Music Class

by Teresa Jennings

Once you hear this infectious song, you will understand our excitement about it. Not only does it shine a spotlight on our very own world of music education, but it does it with energy, enthusiasm, and style! It has quickly become one of our favorite pieces ever. Being a music professional, you will no doubt immediately recognize the Broadway flavor of the tune. This makes it perfect for an opening song, should you choose to use it that way. Our intention was to feature it as the opener of this year's new musical (also called Music Class), which we will be publishing in its entirety in the first three issues of this year's Music K-8. But because of its universal appeal, you can use it any way you like. (The script and teacher's guide will be in the third issue, so stay tuned!)

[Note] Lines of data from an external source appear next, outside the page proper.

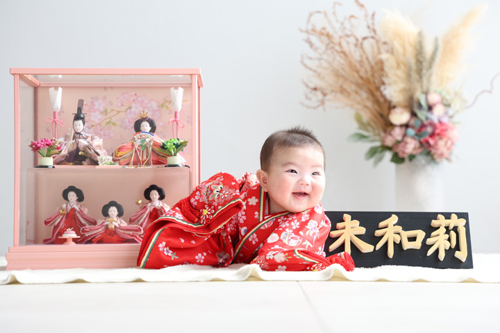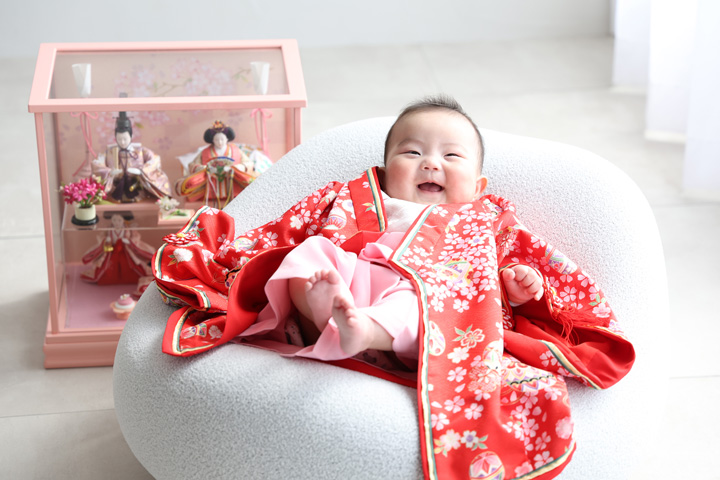 桃の節句 2026年3月16日衣装レンタル, 記念日nakamura 初節句記念写真です♪ ご持参されたお雛様と一緒に♪ とっても可愛いですね〜♪ すっごくごきげんです♪ ドアップの可愛さ、半端ないです♪笑 これからも元気に成長してくださいね♪ ご来店、誠にありがとうございました~♪
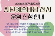코리아타임뉴스 충북취재본부 | 청주시립도서관은 시민 누구나 쉽고 편하게 문화를 향유하고 시민이 함께 만들어가는 문화환경을 조성하기 위한 ‘2026년 시민예술마당 전시’ 운영자를 모집한다고 8일 밝혔다. 시민예술마당은 도서관 1층 다목적실(276㎡)에서 도서 열람 공간과 함께 운영된다. 개인, 동아리 등 재능 있는 시민이면 누구나 참여 가능하다. 참여 시민들은 다양한 예술 작품을 타공판이 설치된 벽면과 단상 위를 활용해 작품을 전시할 수 있다. 도서관은 2026년 2월부터 12월까지 전시 공간을 제공할 계획이다. 다만, 도서관 자체 행사로 인해 2026년 9월과 10월에는 이용할 수 없다. 청주시립도서관 관계자는 “시민들이 스스로의 재능과 창작 활동을 공유하고, 도서관이 지역사회 문화 플랫폼으로 기능할 수 있도록 지속적으로 지원하겠다”며 “재능 있는 시민 여러분의 많은 참여를 바란다”고 말했다.
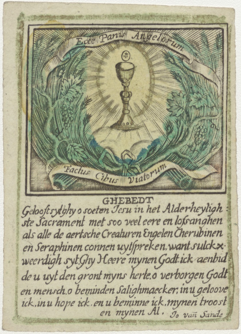 Aanbidding van het H. Sacrament, met kelk en gebed, ingekleurd
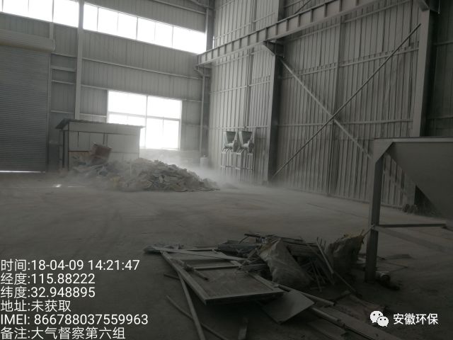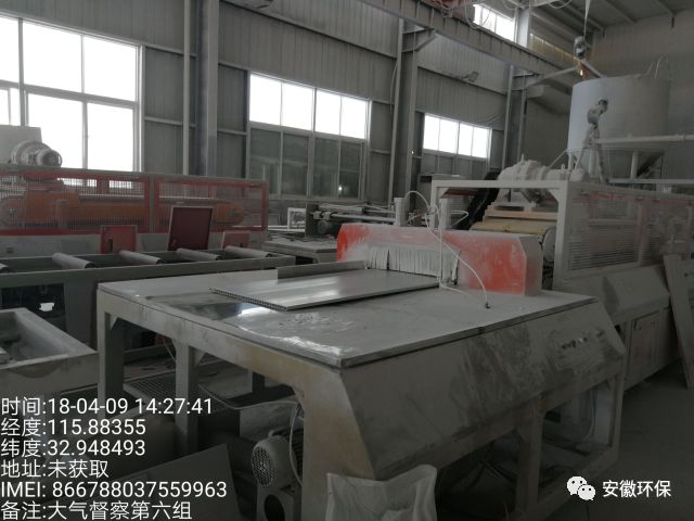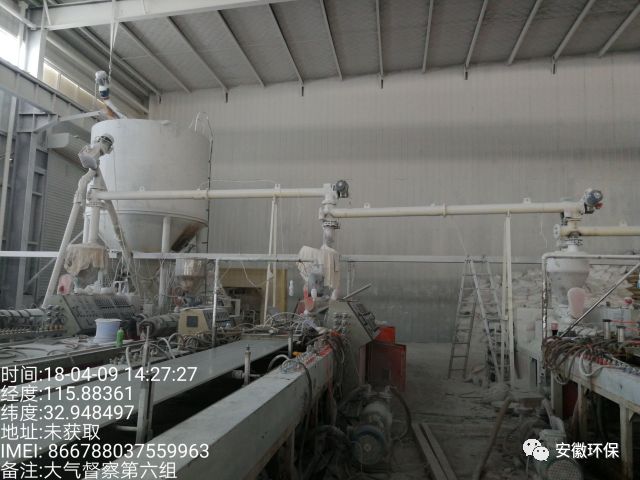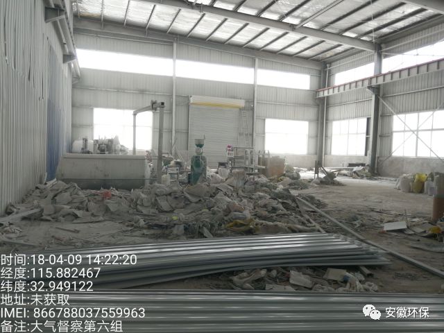 塑钢板材加工项目无环评手续,破碎、切割工艺粉尘无组织排放严重,未配套建设污染防治设施。现场地面积尘严重。
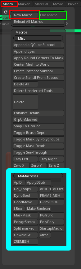 >>335997 1)Наверху macro\new macro, на всплывающее окошка жмешь НЕТ 2) Жмешь нужную тебе кнопку, например зремеш, идешь обратно в macro\End macro 3)Создаешь папку латиницей для своих макросов сохраняешь туда макрос, на все что спрашивают жмешь НЕТ 4) Воруешь кнопку втыкаешь куда хочешь. Там выше по треду написано как её перетаскивать >>335995 Не, слишком много попапов (майяловер, да?) у меня только на капслоке и табе. Зато шорткатов на кисти 123456ф1ф1ф3ф4альт+123456 16штук >>335999 Увы, я сабстенс ща почти доизучал, потом все это в блендер экспортить буду, и освещалки ставить...До этого в риноцерос вкатывался, когда моя идея сложить тачку под сабдив провалилась, как идея выложить её сплайнами в майке, т.е жопа изрядно потаскана моя. Вот и прокрастинирую на двачике T_T пожалей меня
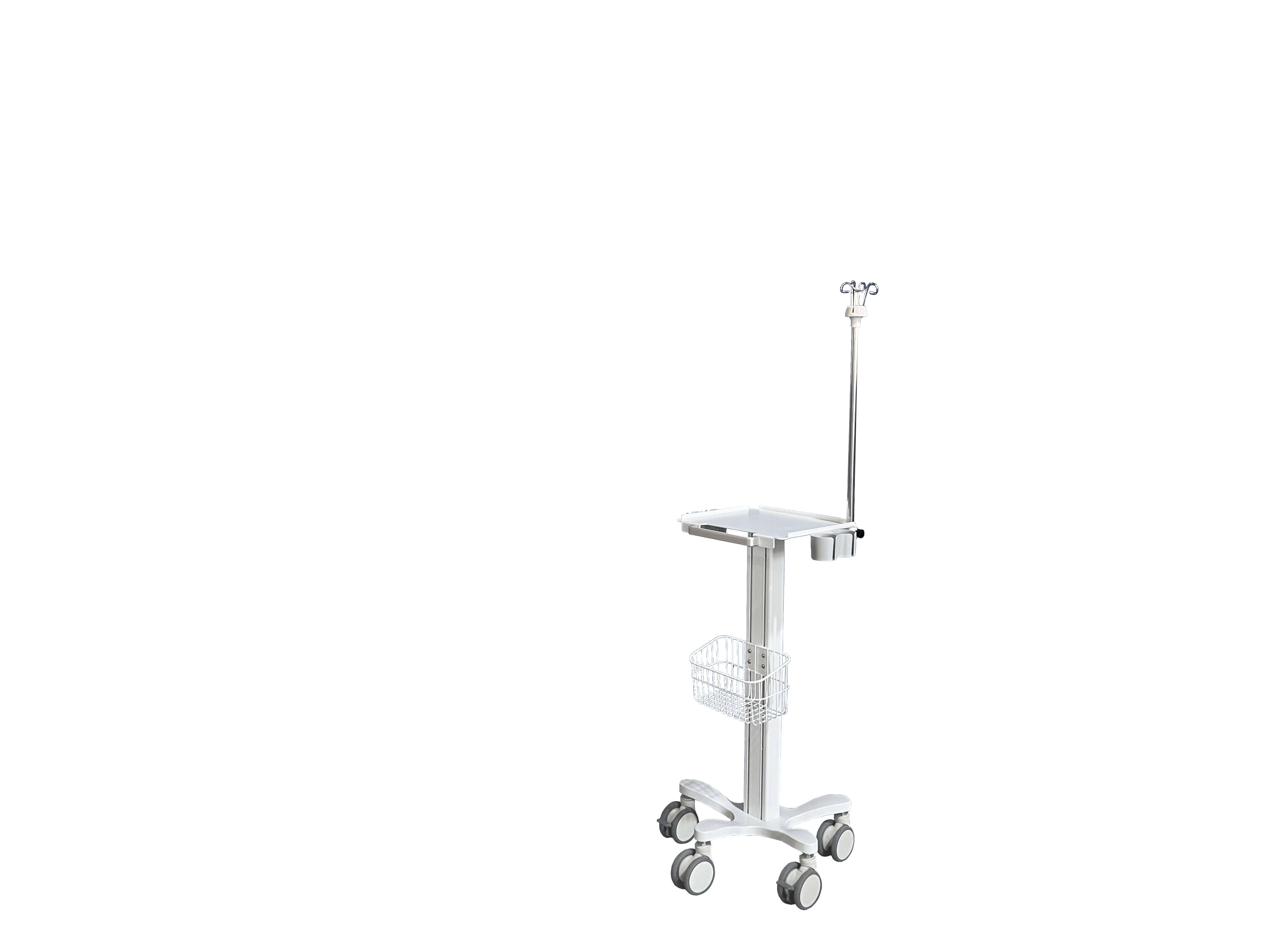 此款推车是我公司自主研发的多功能小型医疗设备推车,可以扩展为便携超声推车、推车、监护仪推车、呼吸机推车、麻醉机推车、心电图推车、除颤仪推车,胎儿监护推车、输液泵推车、康复仪推车、美容仪推车等,通用性强。全车模块化设计,可随意增减配置,自行调节层高,可个性化定制,更适合人体功能学所需,实现了真正意义上的一车多用。可以根据不同仪器设备的需求定制各种平台及设备底座,可加装升降功能,可加装储物篮筐、资料盒、收纳箱等,可将线路隐藏在立柱内,实现外观整齐不凌乱; 搭载静音万向医用脚轮并配有制动装置,灵活推拉,轻松锁定。推车采用冷轧钢板、ABS工程塑料及高强度铝合金型材组装而成,美观大方,轻巧耐用,为手术室和病房节省更多空间;所有表面均经过特殊打磨处理及喷塑,无菌、防滑、耐腐、易清洁,是医护人员的贴心小助手。
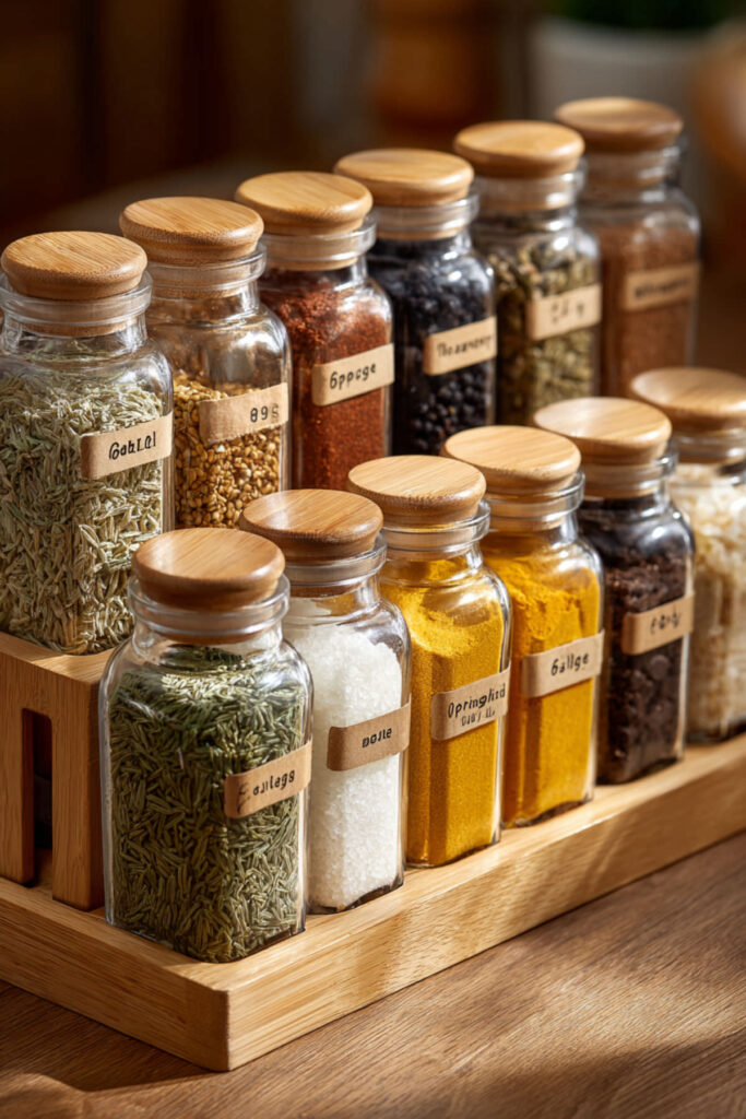 Glass Spice Jars with Bamboo Lids for a Clean, Modern Look
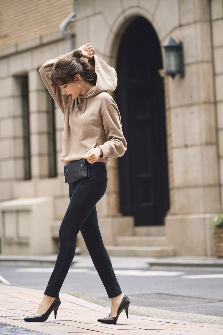 Even a classic hoodie and skinny pants look becomes much more stylish when beige is added to the mix. The combination of chic light beige and sharp black adds a classy feel to this sporty outfit. This oversized hoodie and its large hood offer the bonus benefit of producing an upper half that appears more delicate.
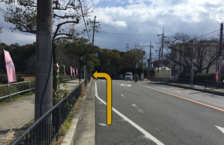 ⑧道なりに歩くと両サイドに公園があります。右手には交番があって左にカーブしています。まだ道なりに歩いて下さい。
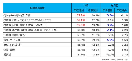 転職後に年収増加した個人が多かった職種は、「クリエイター・クリエイティブ職」(67.9%)、次いで「技術職(SE・インフラエンジニア・Webエンジニア)」(66.1%)、そして「技術職(化学・素材・化粧品・トイレタリー)」(65.5%)が続きました。
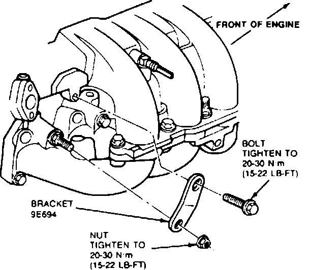 3. Reconnect manifold upper support bracket. Tighten bolts to 15-22 lb. ft. (20-30 N-m).
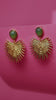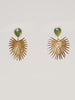 Los Pendientes Catalina son unos pendientes dorados con un diseño radiante en forma de sol, acompañados de una piedra ovalada en tono verde en la parte superior. Su estilo original será perfecto para tu próximo evento. 💚

The song offers opportunities for several soloists. These are optional, of course. The way we did it on our Performance/Accompaniment recording was to start with one soloist at measure 5, then switch every four bars, as indicated on the music. You could do the same, or use only one soloist, or even two. Or just let everyone sing. At measure 21 the first time, we started with a new soloist, then added another one or two or three every couple of bars until everyone was in at measure 30. This cumulative effect is very "Broadway" and lots of fun to pull off in a performance. But again, if it's better for your situation, just let everyone sing at measure 21 instead. In any event, be sure they enunciate here both times. The words are very, very important. You definitely want your audience and administration to get the message!

After the D.S., when you get to measure 30 again, the song breaks into two parts (optional) with a sort of call and response. Talk about exciting musical moments! Be sure your singers put their all into it - big smiles, big gestures (if you have room for it), lots of gusto! If you don't have the singers in your class to do part 2, it is covered instrumentally on the recording just in case. But it's so much fun, you might want to draft a few older students or even other teachers and friends to help out.

Speaking of the recording, we'd like to suggest that you let your students just listen to the instrumental tracks for this song. Not only is the orchestration really neat, but you could use it as a study in counterpoint, instrumentation, form, etc. Or you could just listen and enjoy!

Text is taken from Music K-8 magazine.